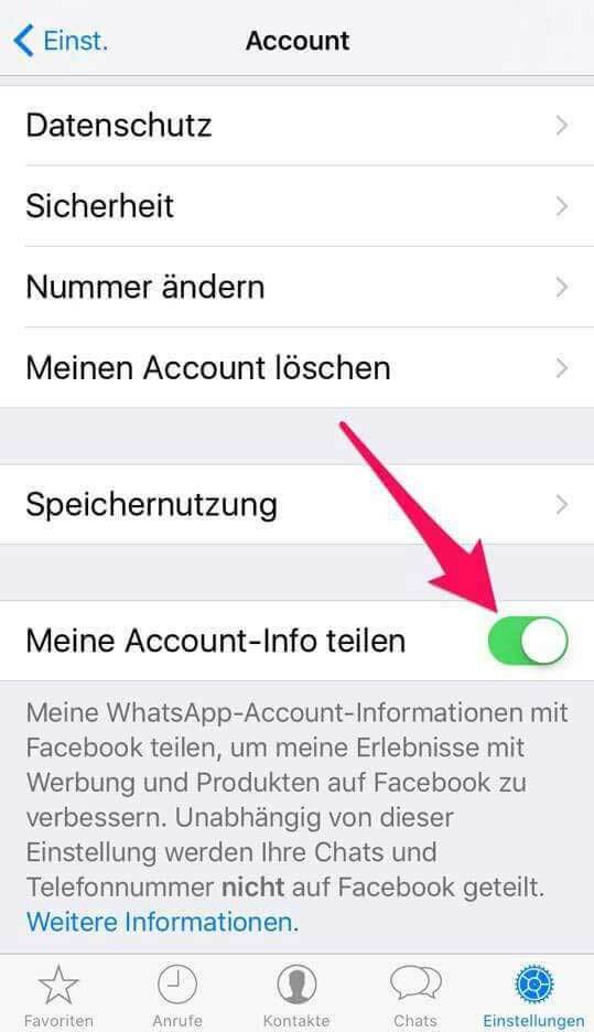 Als weiterführende Ergänzung ist unser beigefügtes Bild dienlich. Darauf ist ersichtlich, wo genau diese neuen AGBs versteckt sind und wie ihr diese durch das Entfernen des bereits gesetzten Häkchens abgewählt. Darauf heißt es nämlich so schön: „Meine WhatsApp Account Informationen mit Facebook teilen, um meine Erlebnisse mit Werbung und Produkten auf Facebook zu verbessern.“ Wie bereits bekannt sein sollte, ist Facebook gern auf Daten Sammelwut aus, sodass deren Werbung zielt umgesetzt wird. Bereits in der Vergangenheit konnten wir erwähnen, was in Facebook beachtet werden muss, sodass ihr auch auf Facebook sämtliche Häkchen entfernt und euer Account sicher und solide bleibt.
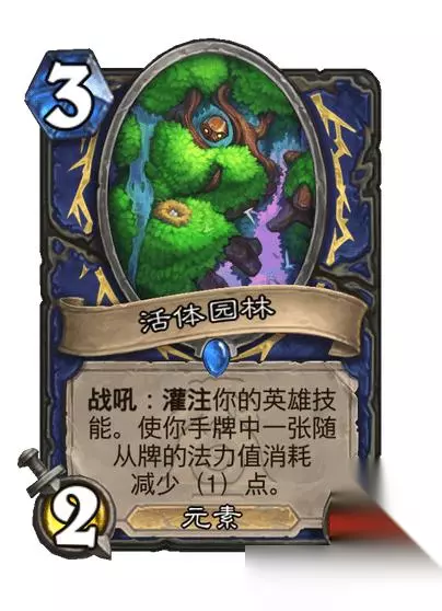 稀有随从,3费2/3 战吼:灌注你的英雄技能。使你手牌中的一张随从牌的法力值消耗减少(1)点。
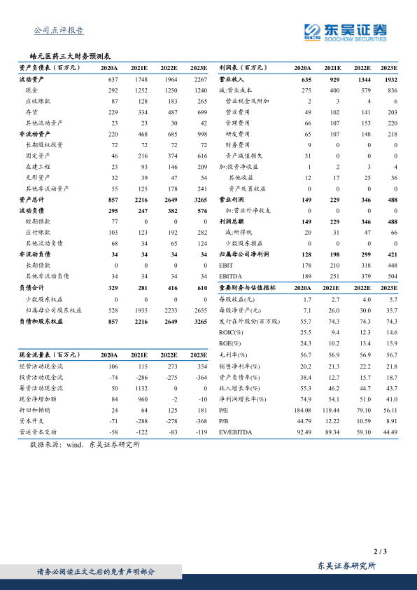 自建产能未来落地,公司CDMO业务有望加速发展。公司投建的安徽皓元年产121.095吨医药原料药及中间体建设项目进展顺利。公司预计其马鞍山工厂将于2022年年中投产,2-3年后达产。未来新增产能将增强公司的生产规模和竞争优势。尤其在ADC药物方面,公司在相关的研发、工艺优化、工艺验证、注册申报、产业化环节具有较强的能力和丰富的项目研发经验。在皓元医药与荣昌生物合作的RC48上市形成示范效应后,我们预计产能扩张+ADC药物CDMO的相关订单有望促进公司CDMO业务的加快发展。
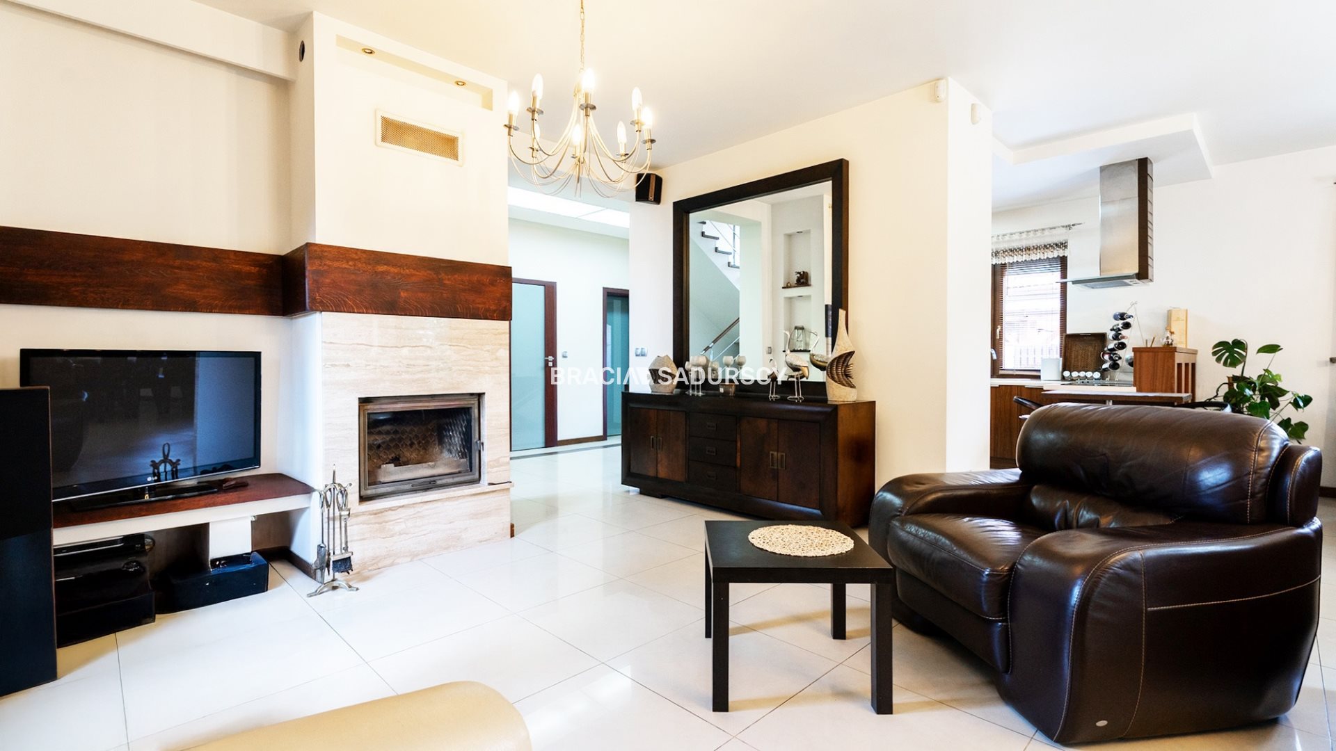 Z salonu jest wyjście na taras o pow. 18 m2, wyposażony w kameralną markizę z napędem elektrycznym. Piękny, wykonany z marmuru kominek / z zapasem wysuszonego drewna / odpowiednio nadaje temu funkcjonalnemu i obszernemu pomieszczeniu ciepły i domowy klimat. Ekspozycja okien na płn/zachód i płd/wschód zapewnia stały dostęp do światła dziennego.
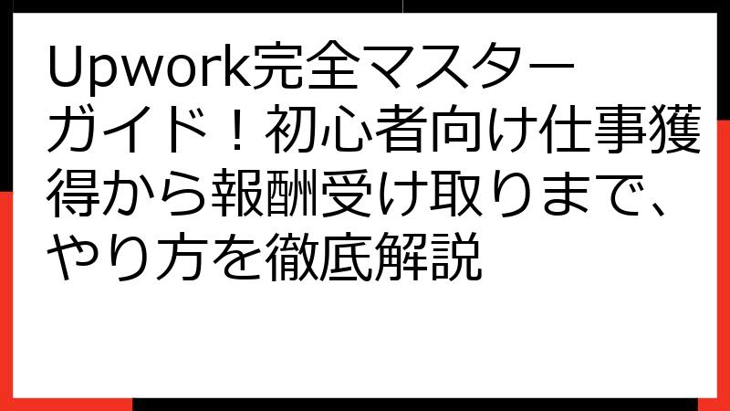 Upworkで成功する!初心者から上級者まで、仕事獲得から報酬受け取りまで完全ガイド
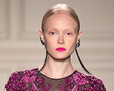 Lipstik berwarna fuschia,yang merupakan perpaduan warna pink terang dan ungu menjadi pilihan yang sempurna untuk melengkapi kesan feminin. Seperti yang ditampilkan desainer Marchesa yang kerap menampilkan gaun-gaun mewah dengat detail ruffles, renda dan bahan tulle. Untuk riasan Marchesa memilih riasan natural tetapi fokus pada warna bibir yang terang.
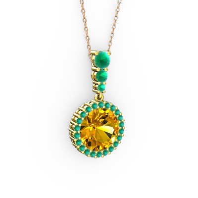 Sitrin ve kök yakut 8 ayar altın kolye (40 cm rose altın rolo zincir)
──────────
Problem statement:
The copy must begin at the line containing "稀有随从,3费2/3 战吼:灌注你的英雄" and end at the last line of the data above, with every line retyped exactly and no pictures included.

Written solution:
 稀有随从,3费2/3 战吼:灌注你的英雄技能。使你手牌中的一张随从牌的法力值消耗减少(1)点。
 自建产能未来落地,公司CDMO业务有望加速发展。公司投建的安徽皓元年产121.095吨医药原料药及中间体建设项目进展顺利。公司预计其马鞍山工厂将于2022年年中投产,2-3年后达产。未来新增产能将增强公司的生产规模和竞争优势。尤其在ADC药物方面,公司在相关的研发、工艺优化、工艺验证、注册申报、产业化环节具有较强的能力和丰富的项目研发经验。在皓元医药与荣昌生物合作的RC48上市形成示范效应后,我们预计产能扩张+ADC药物CDMO的相关订单有望促进公司CDMO业务的加快发展。
 Z salonu jest wyjście na taras o pow. 18 m2, wyposażony w kameralną markizę z napędem elektrycznym. Piękny, wykonany z marmuru kominek / z zapasem wysuszonego drewna / odpowiednio nadaje temu funkcjonalnemu i obszernemu pomieszczeniu ciepły i domowy klimat. Ekspozycja okien na płn/zachód i płd/wschód zapewnia stały dostęp do światła dziennego.
 Upworkで成功する!初心者から上級者まで、仕事獲得から報酬受け取りまで完全ガイド
 Lipstik berwarna fuschia,yang merupakan perpaduan warna pink terang dan ungu menjadi pilihan yang sempurna untuk melengkapi kesan feminin. Seperti yang ditampilkan desainer Marchesa yang kerap menampilkan gaun-gaun mewah dengat detail ruffles, renda dan bahan tulle. Untuk riasan Marchesa memilih riasan natural tetapi fokus pada warna bibir yang terang.
 Sitrin ve kök yakut 8 ayar altın kolye (40 cm rose altın rolo zincir)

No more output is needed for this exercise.